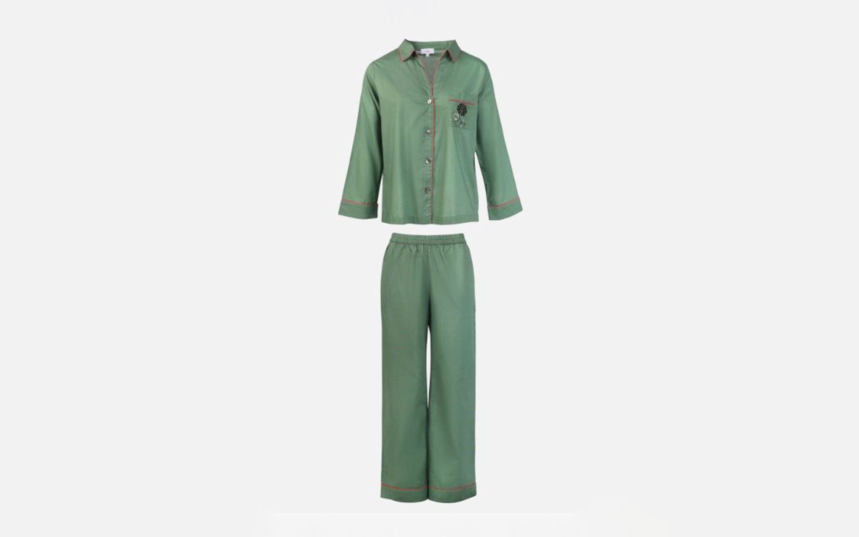 The relaxed shirt and pants are made from cotton that feels exceptionally soft.
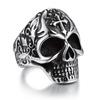 U7 Stainless Steel Big Skull Rings for Man Woman Size 7-14 Cross 3D Skeleton Cuban Chain Celtic Knot Pattern Gothic Punk Jewelry
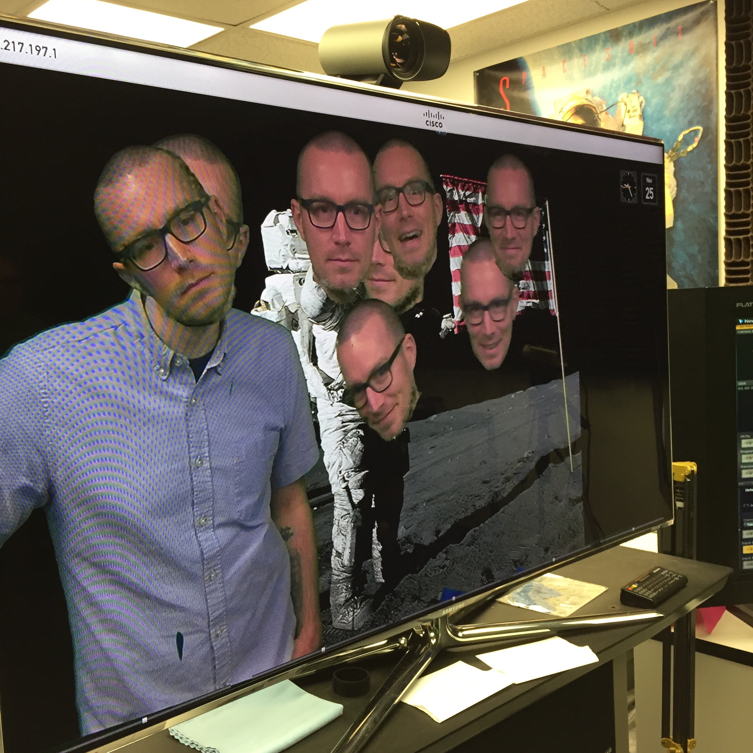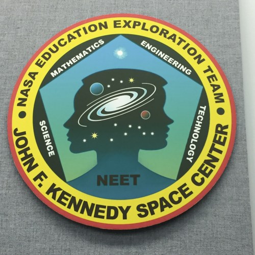 That’s mostly because in the 24 hours we’ve been here, we’ve been with Rae, and that alone is great; but it’s also because we just got back from spending the day hanging out at the Kennedy Space Center, where Rae works. Specifically, she works in the Center for Space Education doing digital learning programming for students all over the country. A big part of what she does is working on videos for the students–some are pre-recorded and some are live video chats. She teaches them about science and space and does cool experiments. Today, she showed us around her studio.
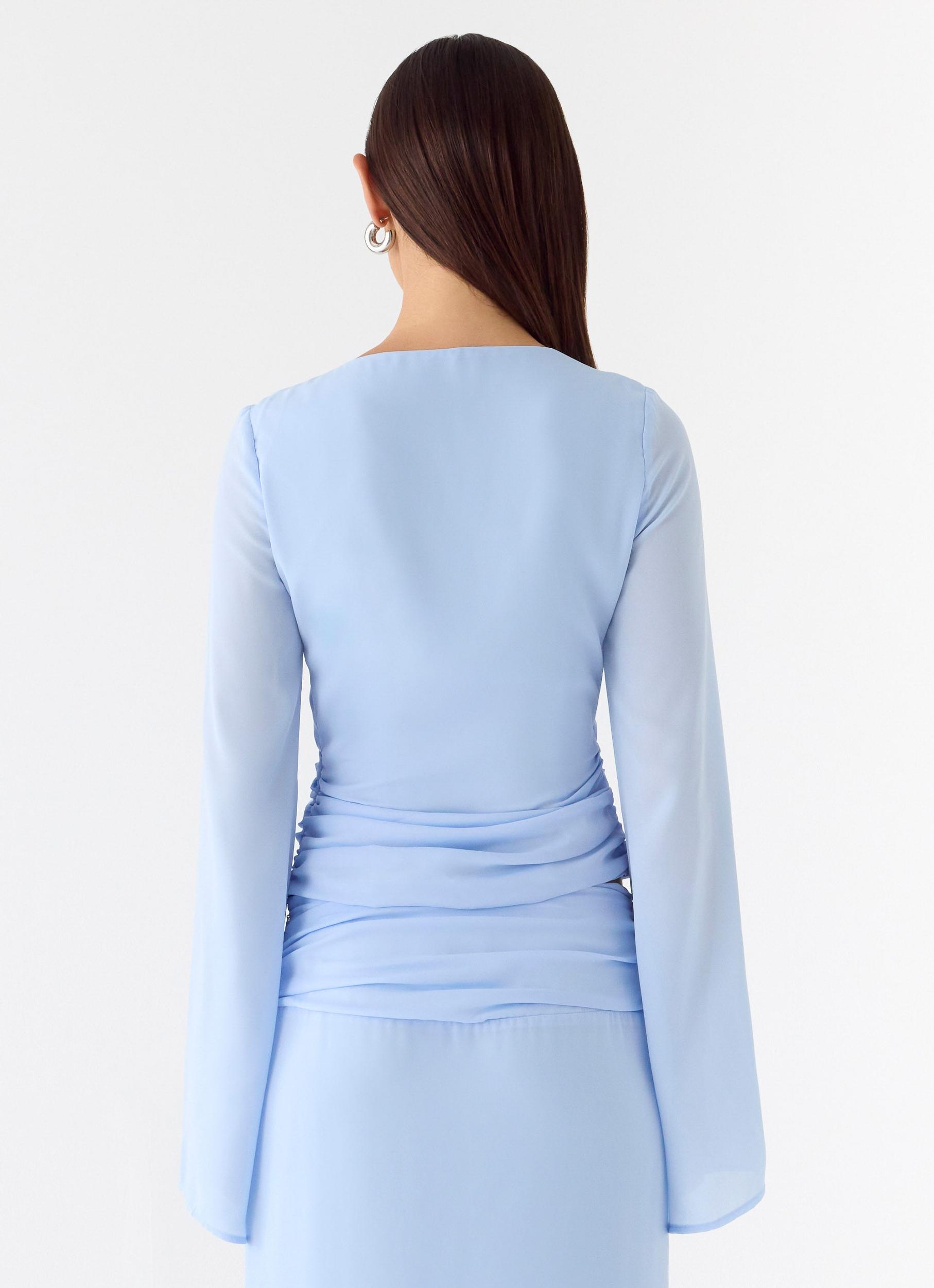 Peppermayo Exclusive The Remee Top is made for warm nights that call for effortless drama. Featuring a flattering V neckline with wrap-style detailing, it shapes the body while creating soft movement through the sleeves. Crafted in lightweight chiffon, it’s designed to flow seamlessly from sunset drinks to late-night plans. - V neckline- Wrap top detailing- Bell sleeve- Side invisible zipper- Fully lined- Fabric: Main 100% Polyester, Lining 100% Polyester Size AU 8 / US 4 garment measurements: Bust: 86 cm / 33.86 inWaist: 70 cm / 27.56 inHem: 88 cm / 34.65 inLength: 53 cm / 20.87 inSleeve length: 70 cm / 27.56 in Roberta is 177cm and wears size AU 6 / size US 2
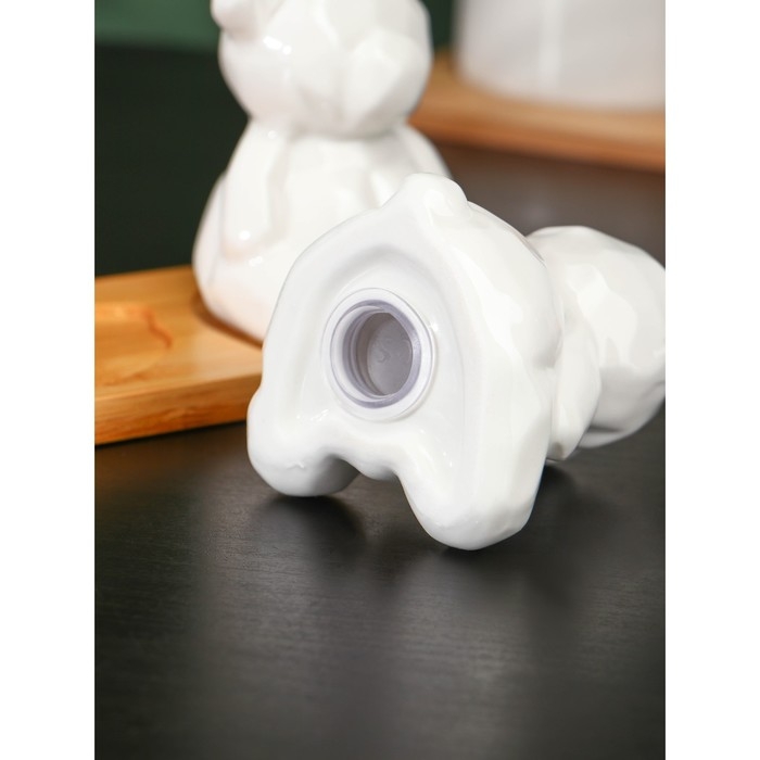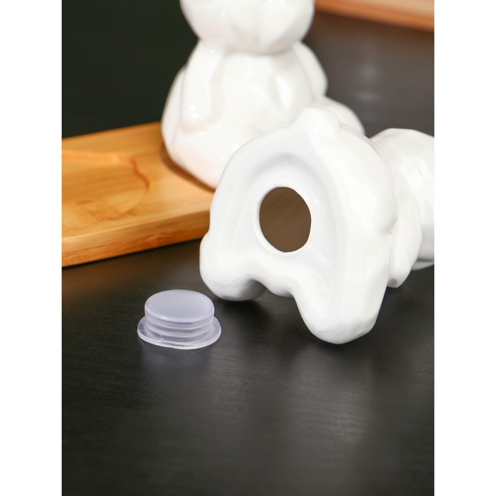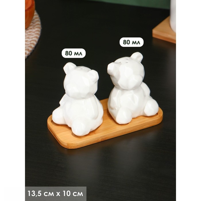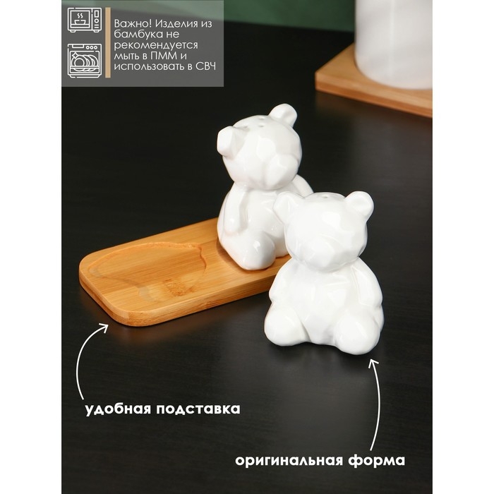 Набор фарфоровый для специй на бамбуковой подставке BellaTenero «Медведи», 2 предмета: солонка 80 мл, перечница 80 мл, цвет белый

# # #

Description of the task: The line containing "U7 Stainless Steel" marks the end: copy exactly every line from the start of the records up to and including it, leaving out the pictures.

Answer:
 The relaxed shirt and pants are made from cotton that feels exceptionally soft.
 U7 Stainless Steel Big Skull Rings for Man Woman Size 7-14 Cross 3D Skeleton Cuban Chain Celtic Knot Pattern Gothic Punk Jewelry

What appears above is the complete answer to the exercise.